*ACTIVITY*: Only an exact repeat of the listing, without its images, counts as the answer.

*ENTRIES SUPPLIED*:
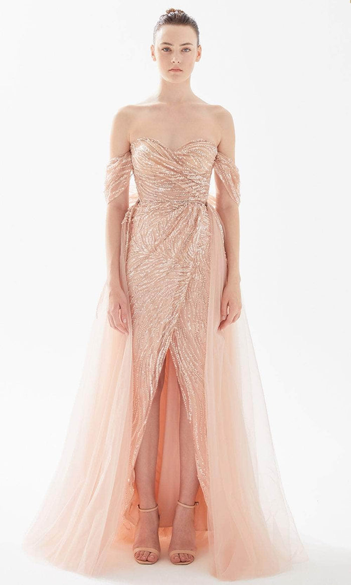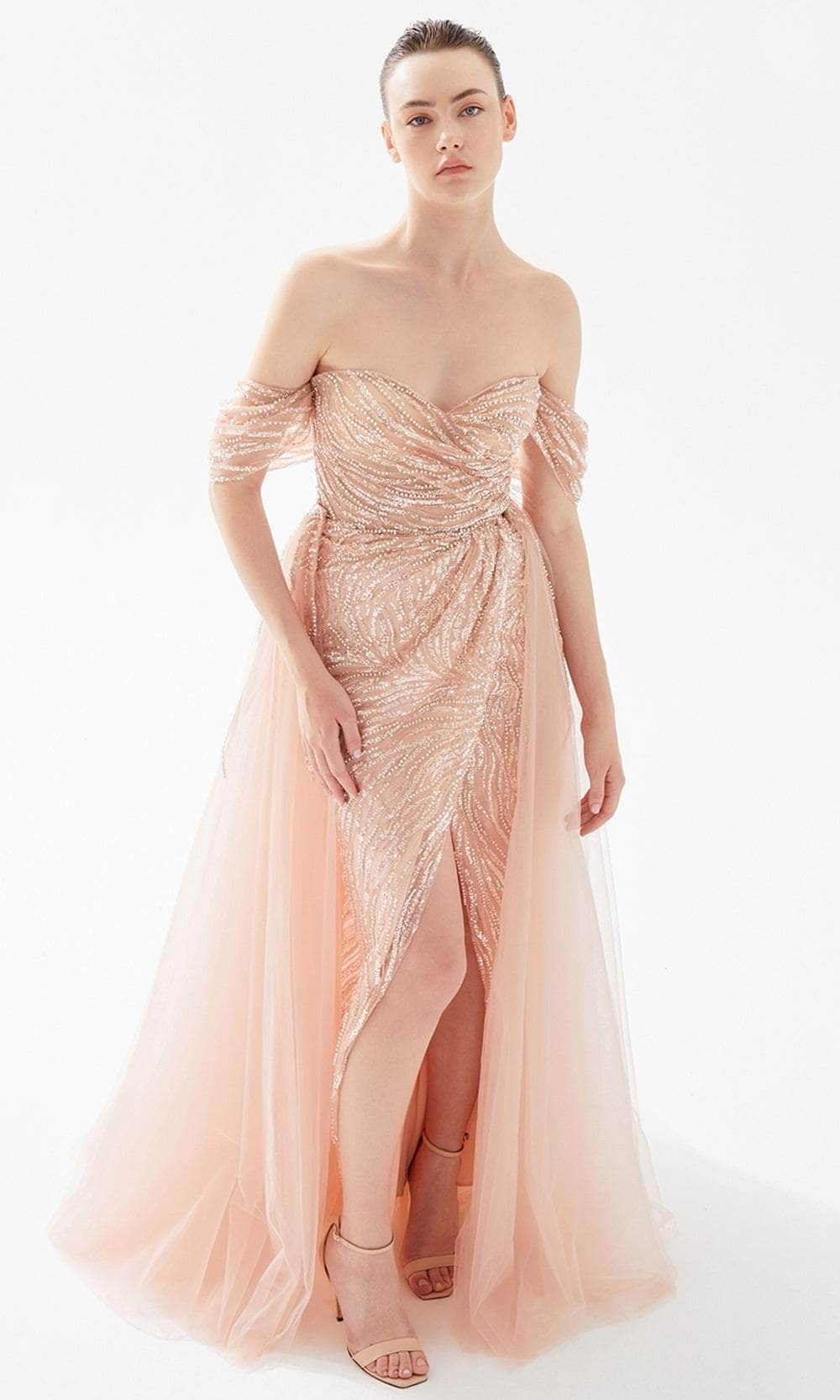 Scintillate with the elegance of ethereal goddesses in this fascinatingly ornate Tarik Ediz 98309 Evening Gown. Sparkling with tiny jewels on sheer overlay, this ensemble presents a strapless sweetheart neckline and off-shoulder drape sleeves and sculpted bodice and gathered ruched on the fitted waist. The gowns sheath skirt allow you to displays those sexy legs with its high front slit opening. This magnificent creation is completed by a sheer overskirt that flows softly in magnificent waves as it brushes down the floor with a sweep of train. Effortlessly stand out among the finest beauties of the night in this impeccable Tarik Ediz 98309 Evening Gown. Model is wearing the dress in Powder color.
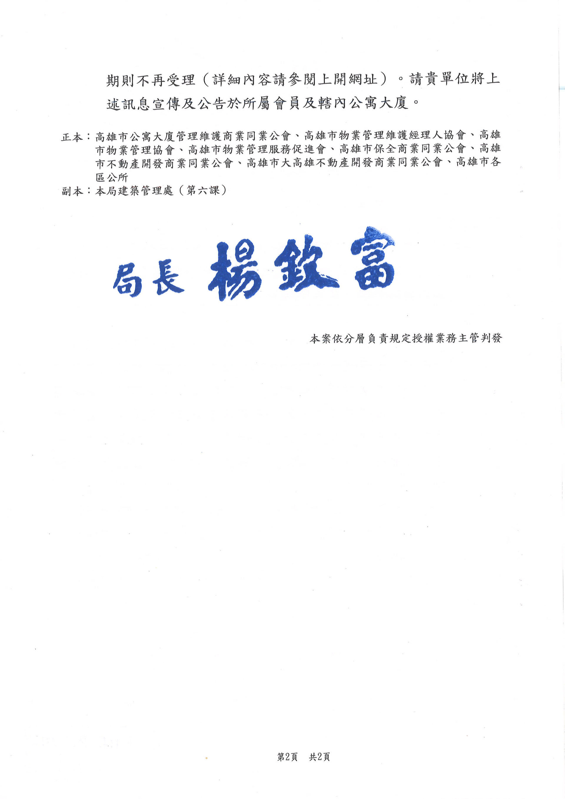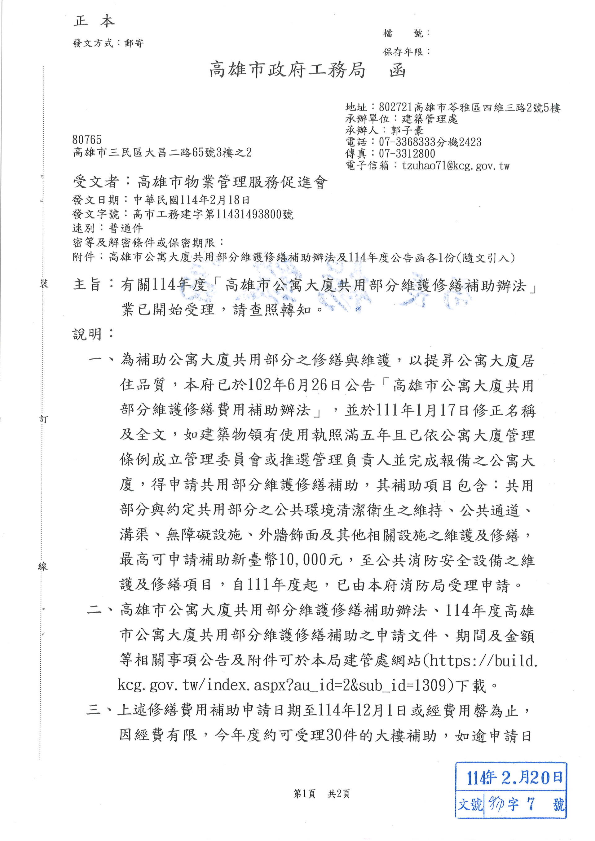 114年度[高雄市公寓大廈共用部分維護修繕補助辦法]業已開始受理
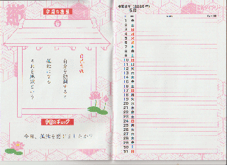 | 「オレの掲示板」は5冊発行致しましたが、一方通行ということもあって参加型のダイアリーを作成しました。是非生活の中で日記・予定表・自分の秤として、常にお供しながら使っていただきたく配布させていただきました。少しずつ紹介致しますが、健康手帳的に使っていただければ幸いです。 |
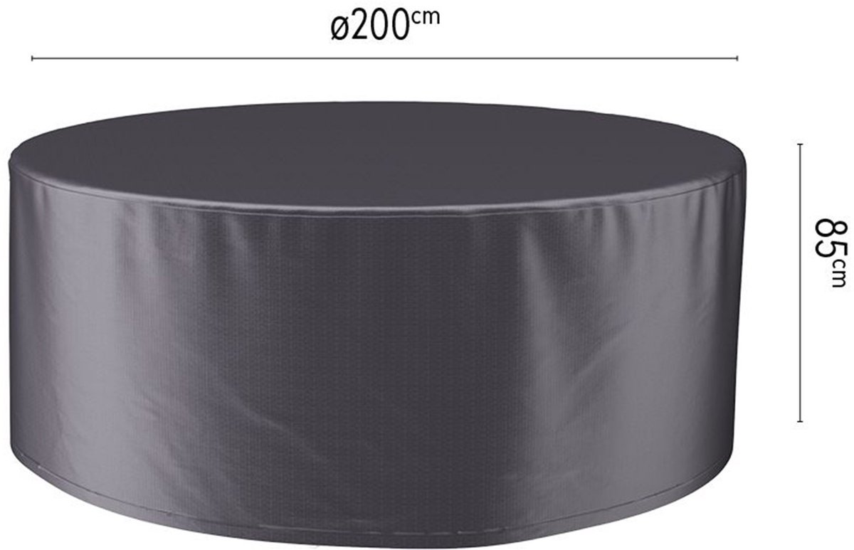 Deze tuinmeubelhoes is speciaal ontworpen voor een tafel met een diameter van 200 centimeter en inclusief stoelen. Met zijn afmetingen van 200x85cm past de hoes perfect over jouw tuinset. De elastische band zorgt ervoor dat de hoes goed op zijn plaats blijft zitten, zelfs bij harde wind.
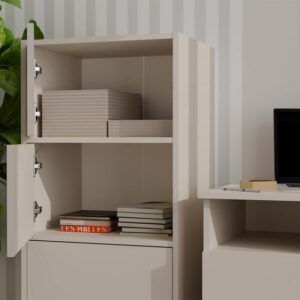 Dzięki pojemnym półkom ukrytym za gładkimi drzwiami, komoda zapewnia mnóstwo miejsca do przechowywania i ułatwia utrzymanie porządku w każdej przestrzeni.
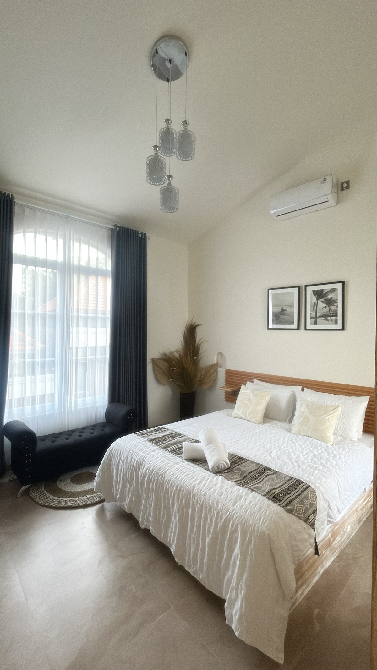 Fall asleep to the sound of waves below the cliff and wake to uninterrupted ocean blue. This one-bedroom apartment sits between the cliff edge and Padang-Padang Beach, with the sea filling the room through a wide glass window and balcony opening. Made for couples who want privacy, surf energy, and a calm place to retreat after the beach.
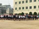 4月22日(月)今年度初めて、運動場で全校朝会を行いました。 1年生もきれいに並...
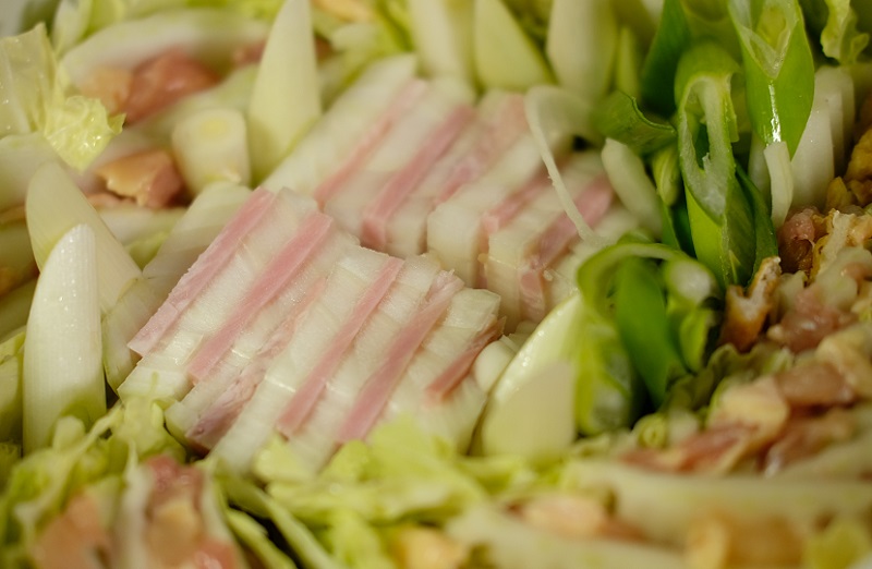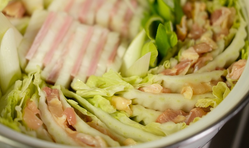 白菜と鶏肉をはさんではさんで鍋に敷き詰めて…
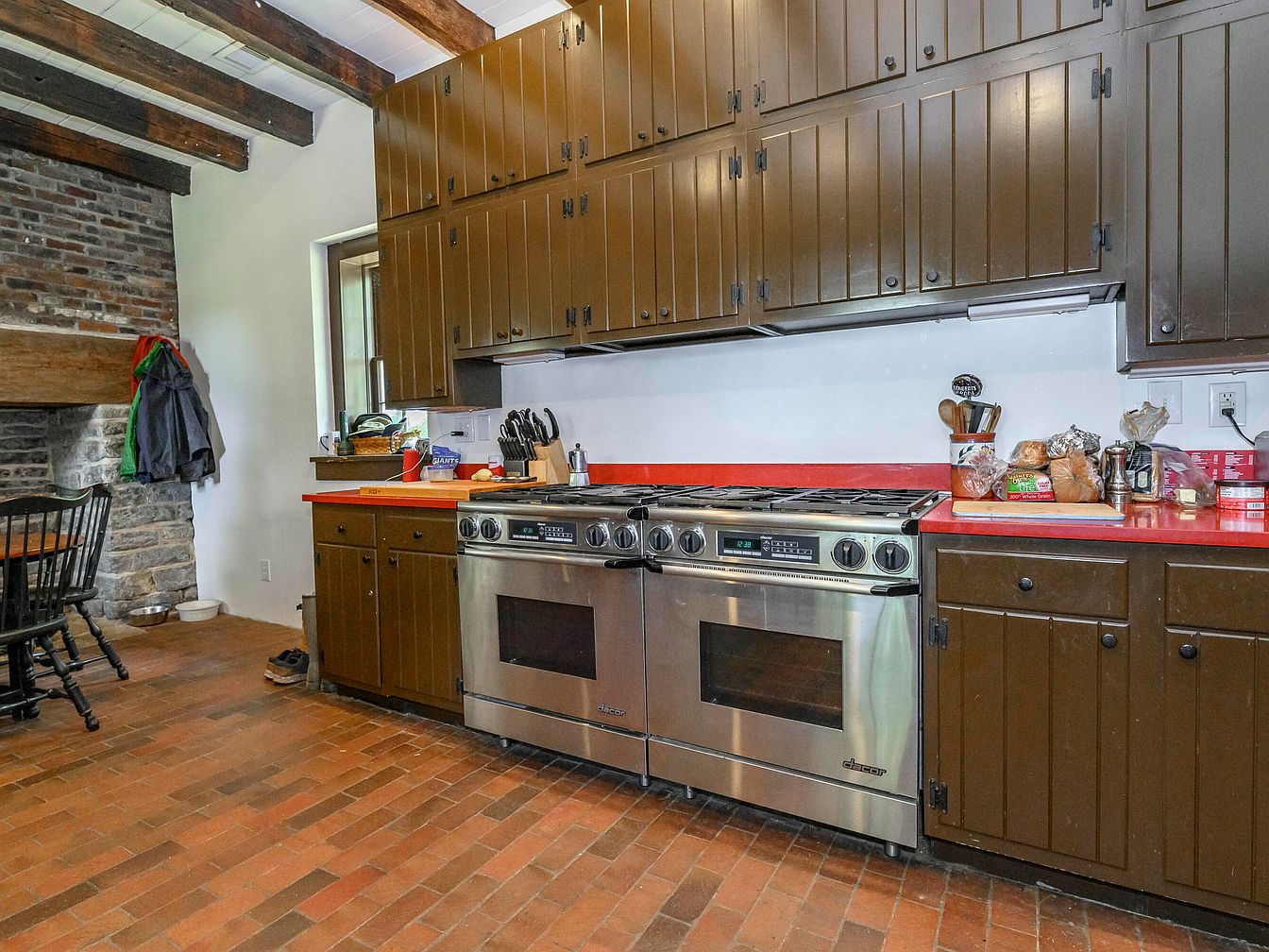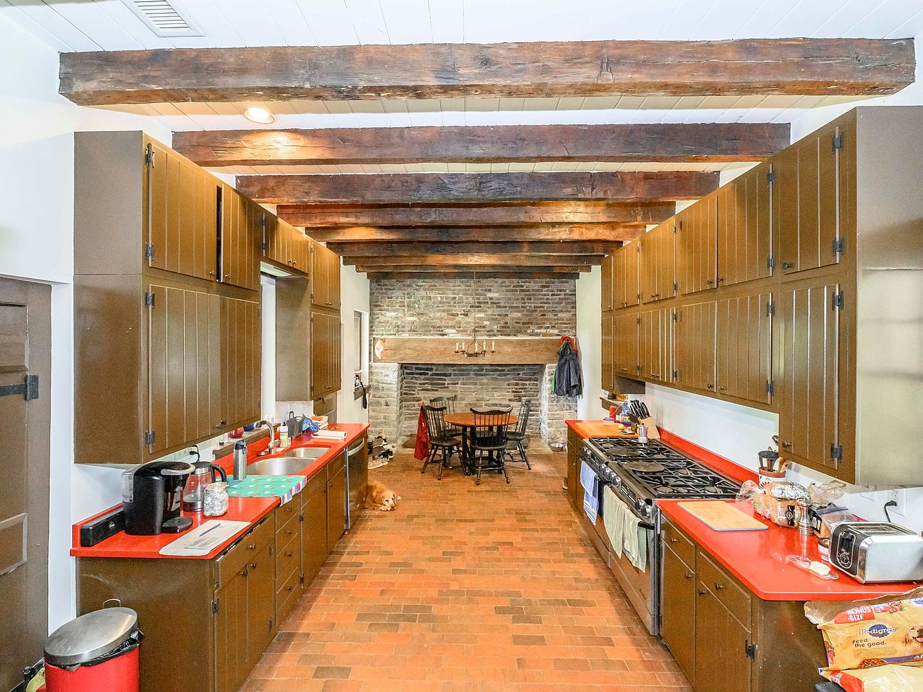 This spacious galley-style kitchen seamlessly blends rustic and modern elements, offering a warm and welcoming atmosphere for any family. Exposed wooden ceiling beams add character and charm, while the long stretch of rich brown cabinetry provides abundant storage for everyday essentials. Bright red countertops introduce a pop of color, creating a playful contrast against the muted cabinet tones. A large brick fireplace at the end of the room serves as a cozy focal point and offers additional seating with a small dining table. Durable brick flooring and practical appliances complete this inviting and family-friendly space, making meal prep and gatherings effortless.
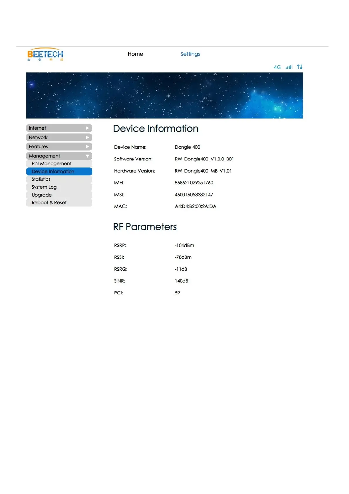 IMEI: The unique identification number that is used to identify the 4G-LTE module.
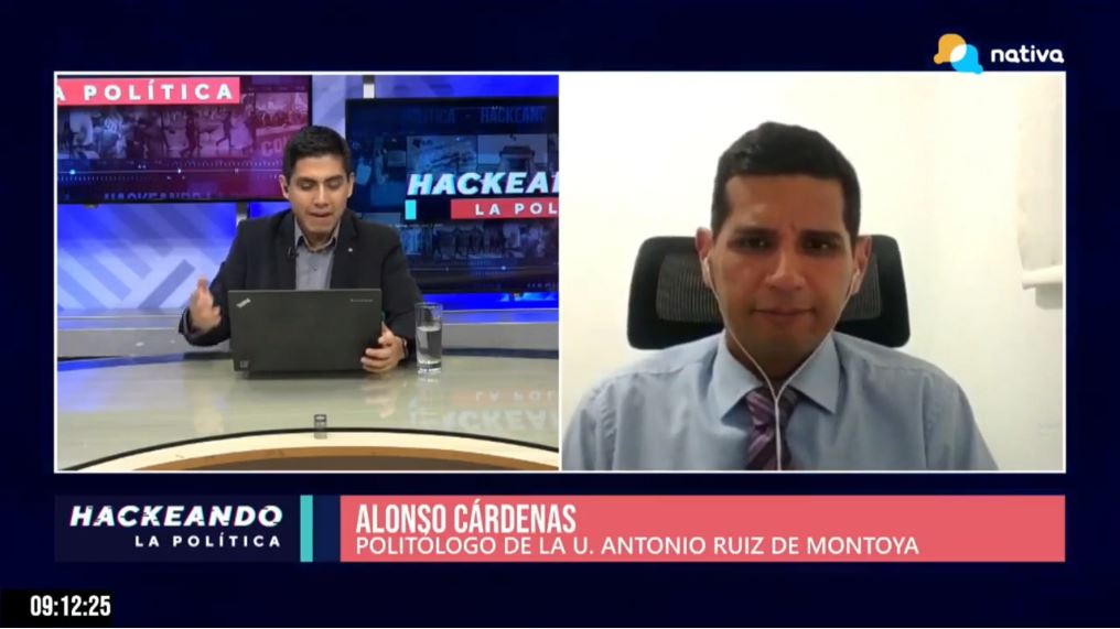 Alonso Cárdenas, docente de la carrera de Ciencia Política de la Universidad Antonio Ruiz de Montoya, participó en una entrevista en Nativa Televisión, en la cual analizó las críticas hacia el presidente Pedro Castillo por el presunto plagio de su tesis para obtener el grado de magister. Lamentó que el tema del plagio está generalizado en nuestras autoridades políticas y propuso que los congresistas hagan publica sus tesis de grado para corroborar si existió plagio o no.
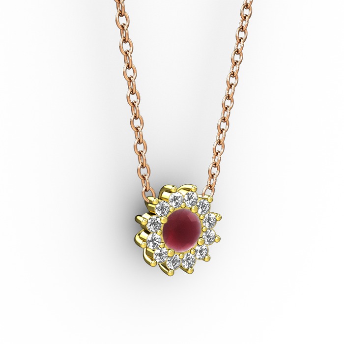 Kök yakut ve pırlanta 8 ayar altın kolye (0.1056 karat, 40 cm rose altın rolo zincir)
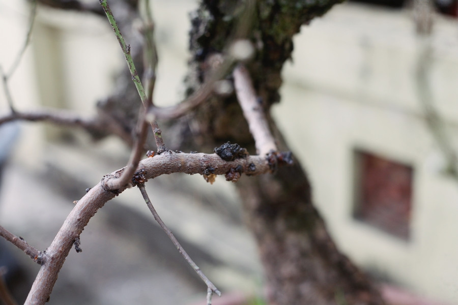 Gốc đào cổ có hai nhánh, già cỗi với những vết mục. Mới nhìn, tưởng rằng gốc cây đã bị chết, nhưng ở phía trên hoa đào đang đua nhau bung nở đỏ rực.
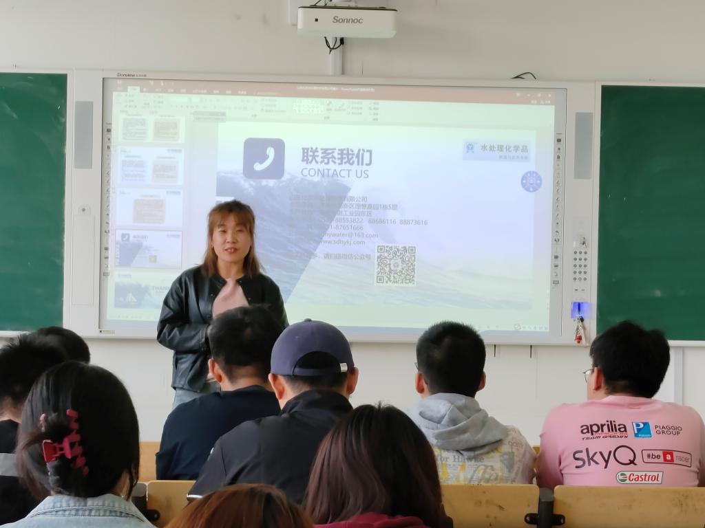 在招聘宣讲会上,山东化友水处理技术有限公司王总通过企业宣讲PPT,向毕业生全面详细地介绍了公司的基本状况、企业文化、各项荣誉资质、技术研发、各类业务板块、主要产品、服务范围、客户展示、人才战略、招聘岗位等方面。在互动环节,王经理针对应届毕业生们提出的问题做出了详细的解答。
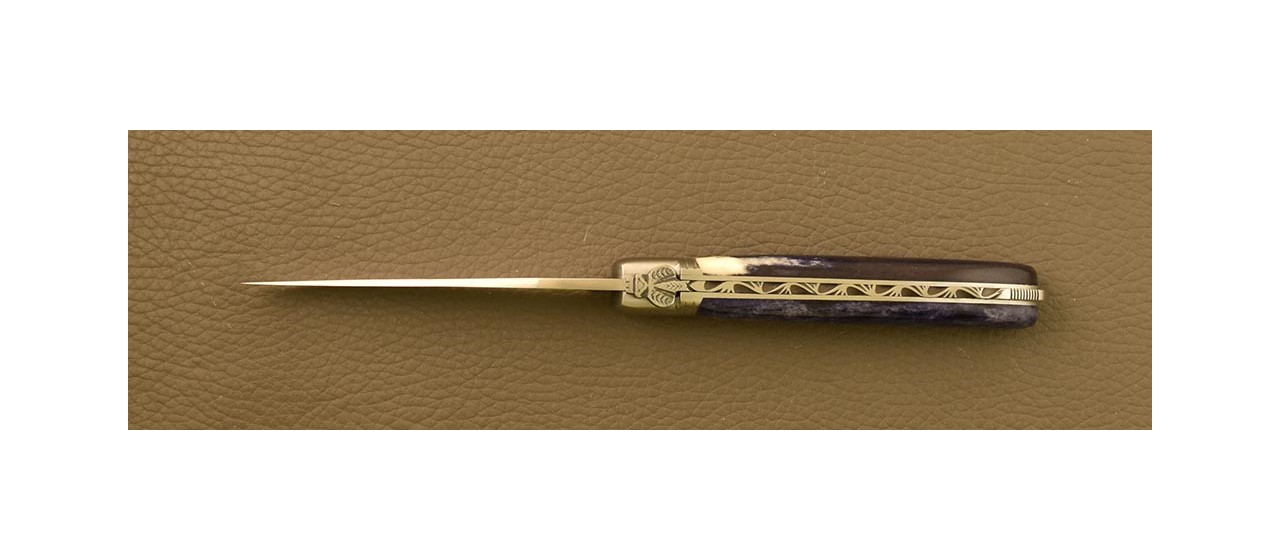Technique : Abeille forgée traditionnelle, blocage de lame à pompe arrière (lock-back), butée de lame fixe acier 100C6 : celle-ci ne frappe pas le fond du couteau à la fermeture. Ressort ciselé à la main (avec une lime : pièce unique) et poli intérieur.
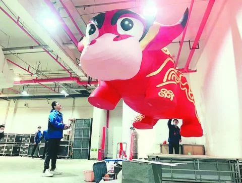 然而,“墨小牛”在北京进行总装后到春晚彩排现场的第一次试飞却并不顺利。“室内外温差达到30多度,进去之后,‘墨小牛’就被其内部气体撑破了。”马承刚介绍,当时已经凌晨5点,他和团队成员紧急将“墨小牛”抬出室外维修。“在央视准备节目期间,我们熬了3个通宵。”
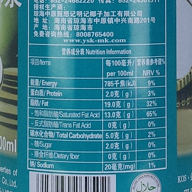 KOS Screen Gold Medal Up to 400ml*6 cans of coconut juice Simi Lu raw material for concentrated coconut baking

*TASK RESPONSE*:
 Scintillate with the elegance of ethereal goddesses in this fascinatingly ornate Tarik Ediz 98309 Evening Gown. Sparkling with tiny jewels on sheer overlay, this ensemble presents a strapless sweetheart neckline and off-shoulder drape sleeves and sculpted bodice and gathered ruched on the fitted waist. The gowns sheath skirt allow you to displays those sexy legs with its high front slit opening. This magnificent creation is completed by a sheer overskirt that flows softly in magnificent waves as it brushes down the floor with a sweep of train. Effortlessly stand out among the finest beauties of the night in this impeccable Tarik Ediz 98309 Evening Gown. Model is wearing the dress in Powder color.
 114年度[高雄市公寓大廈共用部分維護修繕補助辦法]業已開始受理
 | 「オレの掲示板」は5冊発行致しましたが、一方通行ということもあって参加型のダイアリーを作成しました。是非生活の中で日記・予定表・自分の秤として、常にお供しながら使っていただきたく配布させていただきました。少しずつ紹介致しますが、健康手帳的に使っていただければ幸いです。 |
 Deze tuinmeubelhoes is speciaal ontworpen voor een tafel met een diameter van 200 centimeter en inclusief stoelen. Met zijn afmetingen van 200x85cm past de hoes perfect over jouw tuinset. De elastische band zorgt ervoor dat de hoes goed op zijn plaats blijft zitten, zelfs bij harde wind.
 Dzięki pojemnym półkom ukrytym za gładkimi drzwiami, komoda zapewnia mnóstwo miejsca do przechowywania i ułatwia utrzymanie porządku w każdej przestrzeni.
 Fall asleep to the sound of waves below the cliff and wake to uninterrupted ocean blue. This one-bedroom apartment sits between the cliff edge and Padang-Padang Beach, with the sea filling the room through a wide glass window and balcony opening. Made for couples who want privacy, surf energy, and a calm place to retreat after the beach.
 4月22日(月)今年度初めて、運動場で全校朝会を行いました。 1年生もきれいに並...
 白菜と鶏肉をはさんではさんで鍋に敷き詰めて…
 This spacious galley-style kitchen seamlessly blends rustic and modern elements, offering a warm and welcoming atmosphere for any family. Exposed wooden ceiling beams add character and charm, while the long stretch of rich brown cabinetry provides abundant storage for everyday essentials. Bright red countertops introduce a pop of color, creating a playful contrast against the muted cabinet tones. A large brick fireplace at the end of the room serves as a cozy focal point and offers additional seating with a small dining table. Durable brick flooring and practical appliances complete this inviting and family-friendly space, making meal prep and gatherings effortless.
 IMEI: The unique identification number that is used to identify the 4G-LTE module.
 Alonso Cárdenas, docente de la carrera de Ciencia Política de la Universidad Antonio Ruiz de Montoya, participó en una entrevista en Nativa Televisión, en la cual analizó las críticas hacia el presidente Pedro Castillo por el presunto plagio de su tesis para obtener el grado de magister. Lamentó que el tema del plagio está generalizado en nuestras autoridades políticas y propuso que los congresistas hagan publica sus tesis de grado para corroborar si existió plagio o no.
 Kök yakut ve pırlanta 8 ayar altın kolye (0.1056 karat, 40 cm rose altın rolo zincir)
 Gốc đào cổ có hai nhánh, già cỗi với những vết mục. Mới nhìn, tưởng rằng gốc cây đã bị chết, nhưng ở phía trên hoa đào đang đua nhau bung nở đỏ rực.
 在招聘宣讲会上,山东化友水处理技术有限公司王总通过企业宣讲PPT,向毕业生全面详细地介绍了公司的基本状况、企业文化、各项荣誉资质、技术研发、各类业务板块、主要产品、服务范围、客户展示、人才战略、招聘岗位等方面。在互动环节,王经理针对应届毕业生们提出的问题做出了详细的解答。
Technique : Abeille forgée traditionnelle, blocage de lame à pompe arrière (lock-back), butée de lame fixe acier 100C6 : celle-ci ne frappe pas le fond du couteau à la fermeture. Ressort ciselé à la main (avec une lime : pièce unique) et poli intérieur.
 然而,“墨小牛”在北京进行总装后到春晚彩排现场的第一次试飞却并不顺利。“室内外温差达到30多度,进去之后,‘墨小牛’就被其内部气体撑破了。”马承刚介绍,当时已经凌晨5点,他和团队成员紧急将“墨小牛”抬出室外维修。“在央视准备节目期间,我们熬了3个通宵。”
 KOS Screen Gold Medal Up to 400ml*6 cans of coconut juice Simi Lu raw material for concentrated coconut baking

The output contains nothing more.